Los primeros colonos estadounidenses llegaron a Liberia en la década de 1820, gracias al patrocinio de la Sociedad Estadounidense de Colonización, fundada por Bushrod Washington, sobrino del presidente Washington. Se trataba de esclavos liberados que regresaban a su continente de origen. En 1847 se establecieron como nación independiente y empezaron a gobernar, de forma más o menos legítima, sobre los gios, los manos y los krahns. Los americoliberianos, como se llamaba a los descendientes de los colonos, se mantuvieron en el poder hasta 1980, con la llegada de Doe. Para la mayoría de los liberianos, su historia está íntimamente ligada a la de Norteamérica. Estados Unidos es objeto de una veneración casi mística en la región. Los liberianos no son conscientes de que en Estados Unidos casi nadie sabe en cuál de los siete continentes está Liberia, de que la televisión apenas ha emitido imágenes de su guerra, ni de que la radio rara vez habla de los problemas del país. No alcanzan a entender por qué Estados Unidos no envía tropas ni exige la formación de un gobierno de transición ni se brinda para organizar conversaciones de paz. No entienden que en Estados Unidos no tienen ninguna circunscripción ni que, incluso entre los congresistas negros, disponen de muy pocos valedores. No saben por qué Estados Unidos los hace esperar tanto.
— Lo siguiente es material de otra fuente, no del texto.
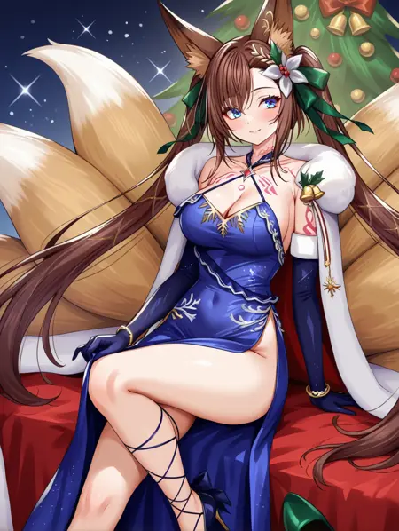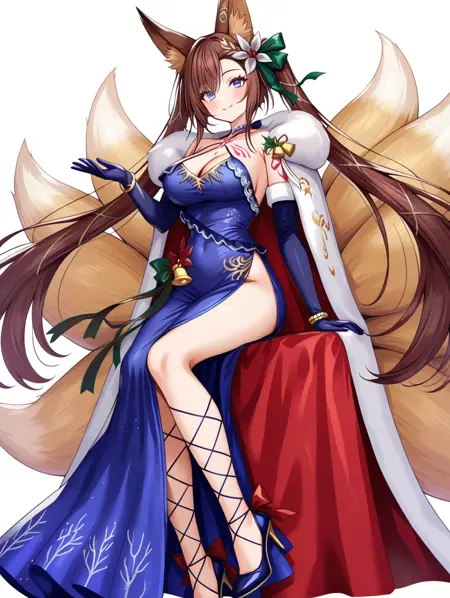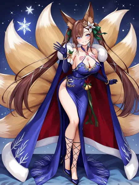 提示示例:sekko,brown hair,twintails,blue eyes,hair ornament,fox ears,fox girl,fur-trimmed cape,halter neck dress,cleavage,tattoo,elbow gloves,blue dress,bracelet,side slit,cross-laced footwear,high heels,fox tail,multiple tails,christmas,

África Oriental es el lugar al que Dios fue para aprender a esperar. A esperar y a esperar. El carguero nigeriano River Oil lleva ocho días esperando para zarpar del puerto de Freetown, en Sierra Leona, y trasladar a quinientos efectivos de la CEDEAO y doscientas toneladas de arroz y comida enlatada a Monrovia. Había que esperar a que llegase el arroz. A que se encontrara combustible para el barco. A que se decidiera quién debía pagar el combustible. A que aparecieran las eslingas con las cuales cargar el arroz. A que se localizara al hombre que tiene la llave del cuarto donde se guardan las eslingas. A que se decidiera si había que derribar o no la puerta al saberse que el hombre que tenía la llave no la encontraba. A que se forzara la puerta. A que se cargara el arroz. A que los soldados embarcasen. A que alguien decidiera que por fin todo estaba a punto. A que varias prostitutas y dos policías de Freetown desembarcasen de mala gana a primera hora mientras acababan de ponerse bien sus gruesos cinturones negros. El River Oil zarpa doce días más tarde de lo previsto, ocho días y medio después del día en que se había jurado y perjurado que saldría, cuatro días después de que en África Occidental todo el mundo dejara de creer en su partida. Los soldados ghaneses que viajan a bordo cantan « Abool-ya, abool-ya » («pan, pan») mientras cae la noche y la luna se alza y los bancos de peces se disgregan como una perdigonada al paso de la proa.